Many see the appointment as a pleasurable provocation, the aim of which is to expose the left-wing liberals as elitist snobs and to let Nadine Dorries shine as the missionary of the common people.

When the MP was suspended from the parliamentary group in 2012 because she had withdrawn from the jungle camp show without permission, she justified her participation by saying that the show attracted sixteen million viewers.

If so many people saw 'I am a star', MPs should be there.

Boris Johnson defended them at the time.

While Dorries dismissed the two private students Cameron and Osborne as arrogant pissers, she likes Johnson for his ability to "connect with people's concerns".

She also shares his admiration for Churchill, whom the "criticism of cowards" did not affect.

In terms of origin and attitude, the platinum-blonde minister fits into Johnson's strategy of keeping the voters behind the so-called “red wall” of former Labor strongholds.

In this context, there is also the desire to put the BBC, which is frowned upon as the epitome of the “metropolitan elite”, in its place.

As Minister of Culture, Nadine Dorries will lead the negotiations on the future funding of the BBC.

The cabinet reshuffle coincided with the confirmation that, after weeks of wrangling, the broadcaster had transferred the editor-in-chief of the entire news production to a candidate who had been challenged in government circles as "extremely woke" due to tweets that have since been deleted.

Conservative culture warriors see the appointment as further evidence of the violation of the sacred commandment of impartiality.

She'll make fireworks

Several politically explosive decisions are pending in Dorries' portfolio, including the appointment of the chairman of the media regulator, who is delaying because the government wants to push through a candidate who is on their line.
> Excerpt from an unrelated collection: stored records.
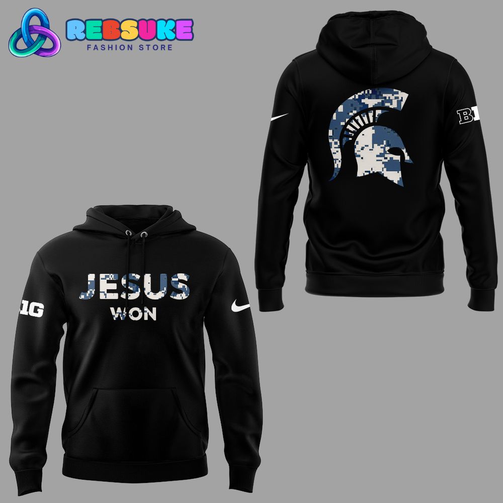 The black hoodie serves as the centerpiece of the collection, featuring the bold declaration “JESUS WON” across the chest. The letters are filled with a striking blue and white digital camouflage pattern, creating a modern aesthetic that speaks to strength and purpose. The back of the hoodie makes an equally powerful statement with a large, iconic Spartan helmet, also filled with the same digital camo, representing the unyielding spirit of the Michigan State Spartans. The sleeves are adorned with the B1G conference logo and the Nike swoosh, signifying authentic, high-quality athletic apparel.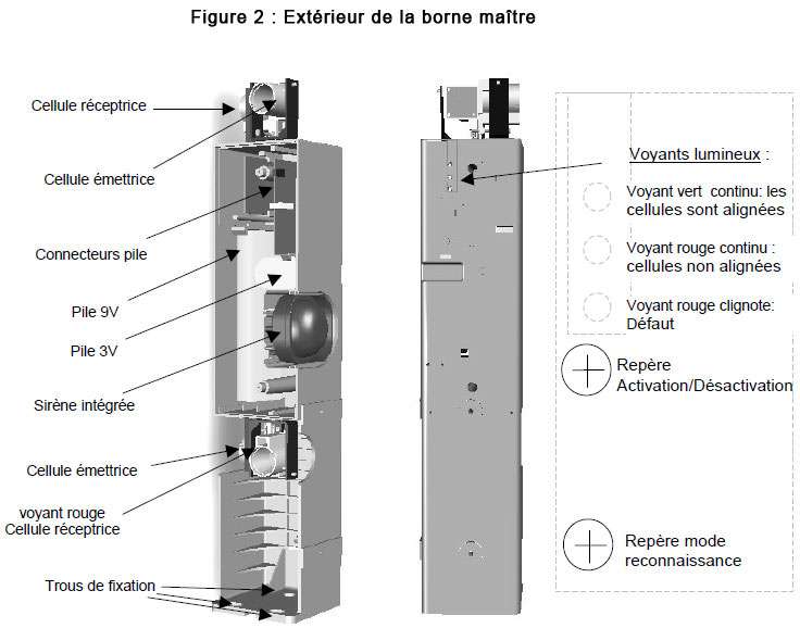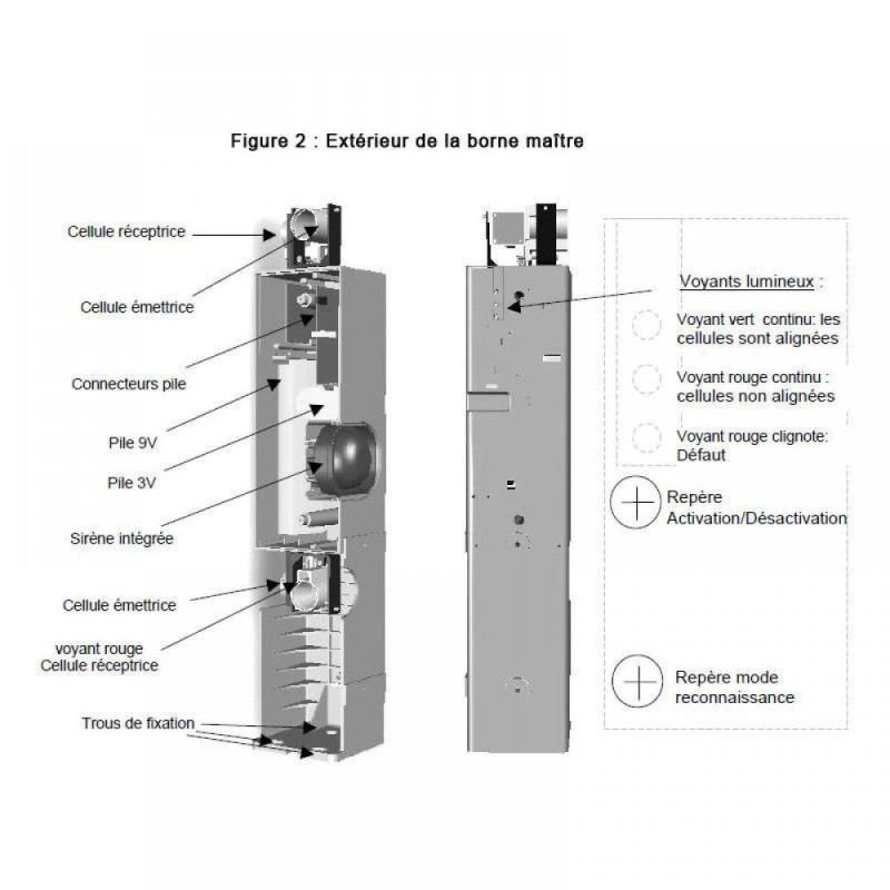 - Alimentation de la borne "Maître" : Par 1 Pack de piles 9 V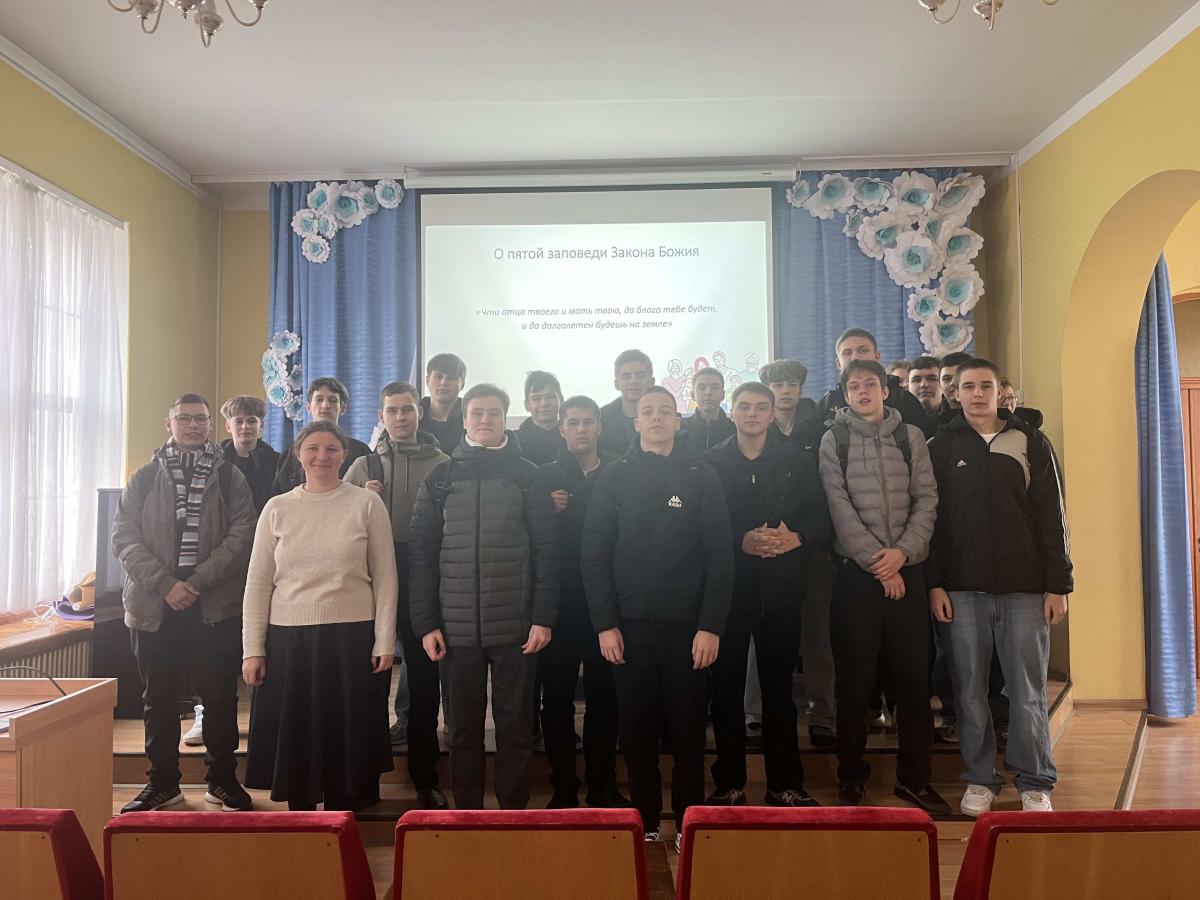 Учащиеся учебной группы ТО-530 посетили Храм святителя Георгия Конисского и поучаствовали в беседе «О пятой заповеди Закона Божьего», посвященной неделе родительской любви.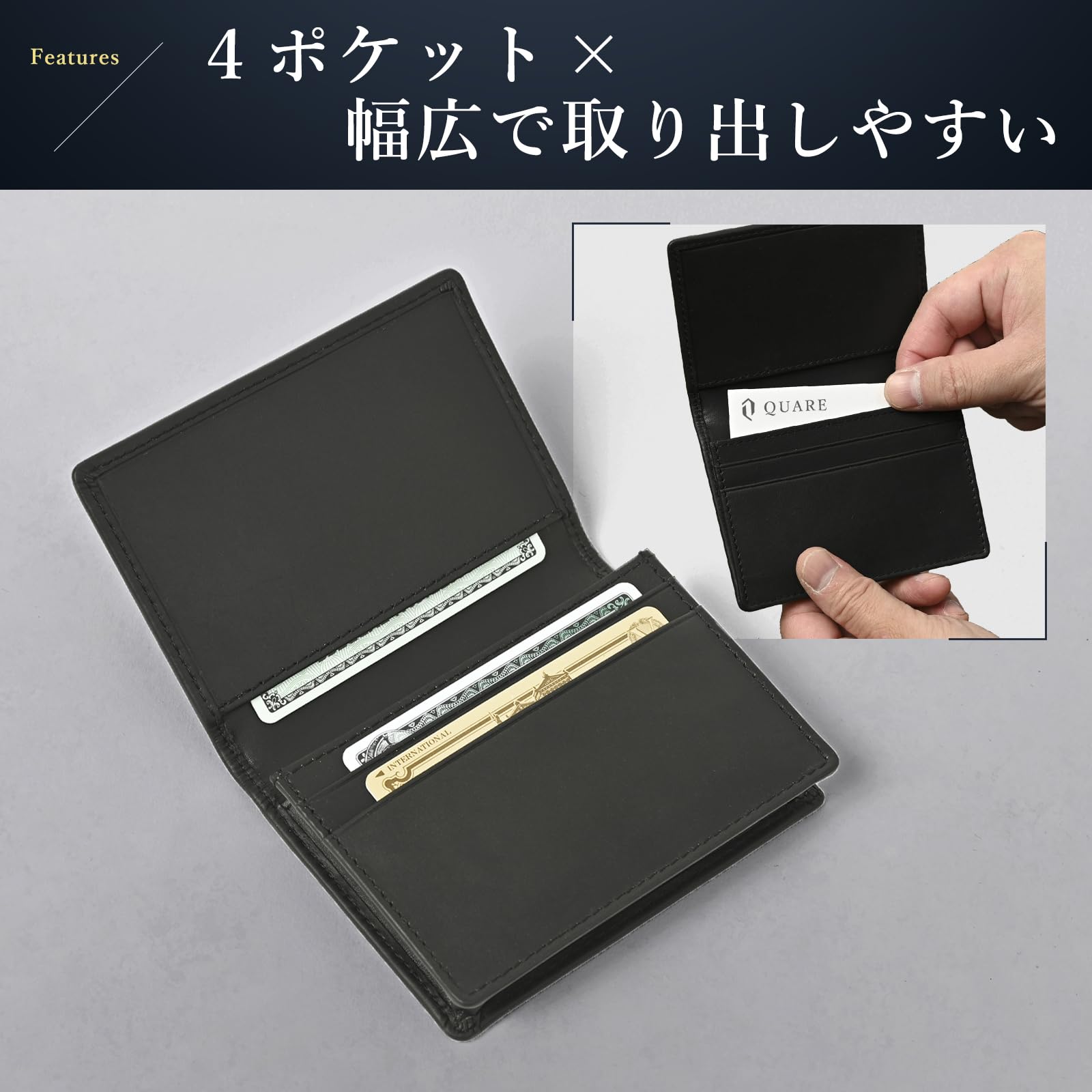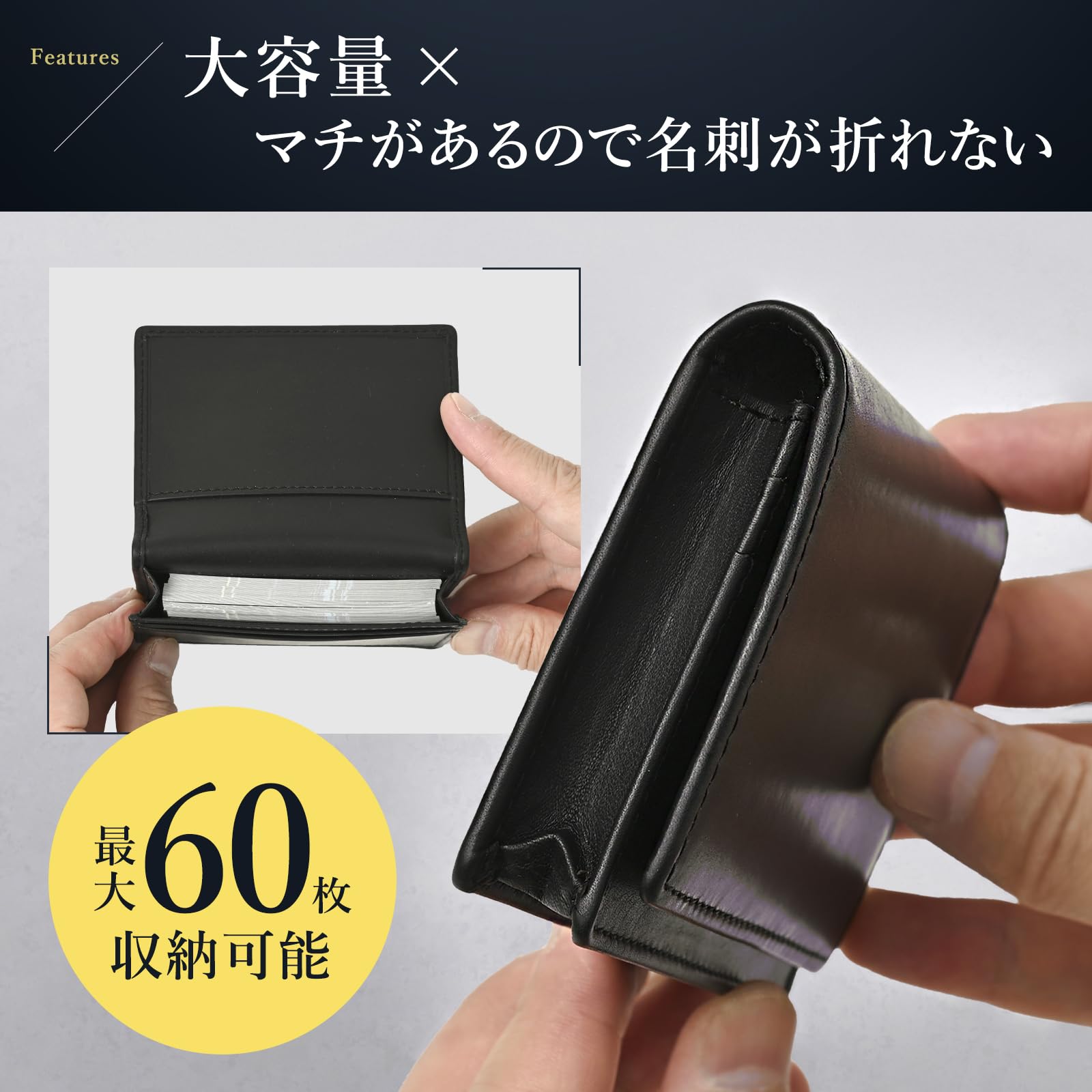 【名刺の角が折れない】 マチがあるので名刺が折れる心配がありません。大容量で最大60枚の名刺を収納可能です。取り出し口は幅広タイプのため名刺交換時に名刺をスムーズに出し入れすることができます。また、名刺入れポケット以外に、3ポケットあるので、クレジットカードやお札なども収納出来ます。

The government is also seeking to privatize Channel 4, the commercial but public broadcaster launched in 1982.

On the day of the government reshuffle, the state minister responsible for the media, John Whittingdale, had to step in for his boss Oliver Dowden, who had already been transferred, and give a speech to the top of the television industry.

Little did Whittingdale enunciate the government's vision for the industry that he, too, was about to lose his job.

The objection, linked to the demand for more “Britishness”, that many British film and television products have “no real identity, no authentic local reference”, should, however, be entirely in the interests of the new minister. A former cabinet member predicted that she would be expected to ignite all sorts of fireworks with energy and chutzpah.